After setting these initial requirements, they should be tested. A common measure is to calculate the accuracy score and the confusion matrix of the model, which are discussed before in model evaluation. By optimizing the parameters of the model these scores can be improved. The best hyperparameters will vary between datasets, so optimization should be performed separately on each dataset. Because in our case it is included in the fit, it ensures that every model uses the best parameters on the dataset that is given to the model. The confusion matrix can be improved by adjusting the threshold of the probability. The accuracy score can (in this case) be improved with feature selection and tuning the parameters of the model. By using the best subset of attributes that explain the relationship of the independent variables and the outcome variable, there is less noise from independent variables that do not explain the outcome variable that well. Feature selection is done by first critically assessing the database, and secondly using the feature importance score as shown in the previous section (figure X). 

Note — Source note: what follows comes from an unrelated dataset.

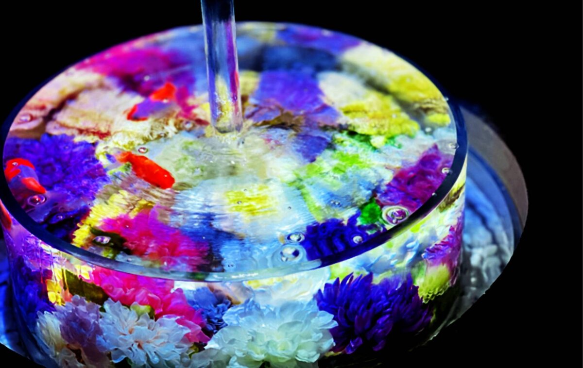 花と金魚が互いを引き立て合う、華やかな三作品が集うエリアです。様々な花で空間を埋め尽くす「花舞」、日本庭園の水琴を花で表現した「金魚の水琴」、そして伝統工芸・九谷焼と花を融合させた「九谷五彩金魚」。三者三様の表現が、ここに集結します。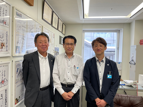 その後、生活安全部府民安全対策課を訪問し、本年4月に着任された助中府民安全対策課長、日高調査官に挨拶を行いました。

By using cross validation, where the data is divided in k parts and each part is used as training data and once as test data for the model, more generalized relationships between the input and outcome data are achieved. This will ensure that the model performs better on unseen data as well. 

Lastly, it is important to keep monitoring the model to make sure it’s working well, and regularly retrain the model when new data comes in, so that the model keeps up to date. We will come back to this later. 


The results of the bagging for the different models, as explained in the method, are shown in figure 4.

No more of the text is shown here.